→ Exercise instructions: Transcribe everything in the listing below exactly, except the pictures.

→ Source data:
------------------------------------------------------------------------

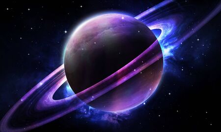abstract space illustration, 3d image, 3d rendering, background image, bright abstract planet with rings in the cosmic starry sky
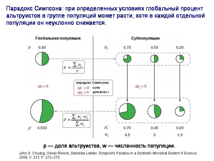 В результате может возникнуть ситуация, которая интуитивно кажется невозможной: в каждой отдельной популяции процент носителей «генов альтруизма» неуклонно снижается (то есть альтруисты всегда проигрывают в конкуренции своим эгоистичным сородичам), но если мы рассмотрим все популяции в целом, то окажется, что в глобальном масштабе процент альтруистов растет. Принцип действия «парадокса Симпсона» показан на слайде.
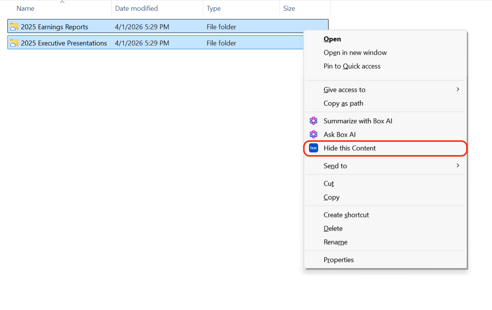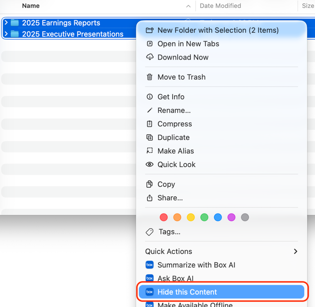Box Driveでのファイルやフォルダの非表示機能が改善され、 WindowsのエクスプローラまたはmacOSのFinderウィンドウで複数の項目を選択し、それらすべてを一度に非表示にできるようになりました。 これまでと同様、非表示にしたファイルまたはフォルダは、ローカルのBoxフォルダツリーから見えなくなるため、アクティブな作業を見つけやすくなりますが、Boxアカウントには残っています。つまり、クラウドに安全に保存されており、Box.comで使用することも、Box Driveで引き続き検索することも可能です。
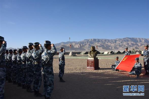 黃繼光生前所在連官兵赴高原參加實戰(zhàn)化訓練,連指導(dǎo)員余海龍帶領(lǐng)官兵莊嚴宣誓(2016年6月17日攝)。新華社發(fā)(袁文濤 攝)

------------------------------------------------------------------------

→ Written reply:
abstract space illustration, 3d image, 3d rendering, background image, bright abstract planet with rings in the cosmic starry sky
 В результате может возникнуть ситуация, которая интуитивно кажется невозможной: в каждой отдельной популяции процент носителей «генов альтруизма» неуклонно снижается (то есть альтруисты всегда проигрывают в конкуренции своим эгоистичным сородичам), но если мы рассмотрим все популяции в целом, то окажется, что в глобальном масштабе процент альтруистов растет. Принцип действия «парадокса Симпсона» показан на слайде.
Box Driveでのファイルやフォルダの非表示機能が改善され、 WindowsのエクスプローラまたはmacOSのFinderウィンドウで複数の項目を選択し、それらすべてを一度に非表示にできるようになりました。 これまでと同様、非表示にしたファイルまたはフォルダは、ローカルのBoxフォルダツリーから見えなくなるため、アクティブな作業を見つけやすくなりますが、Boxアカウントには残っています。つまり、クラウドに安全に保存されており、Box.comで使用することも、Box Driveで引き続き検索することも可能です。
 黃繼光生前所在連官兵赴高原參加實戰(zhàn)化訓練,連指導(dǎo)員余海龍帶領(lǐng)官兵莊嚴宣誓(2016年6月17日攝)。新華社發(fā)(袁文濤 攝)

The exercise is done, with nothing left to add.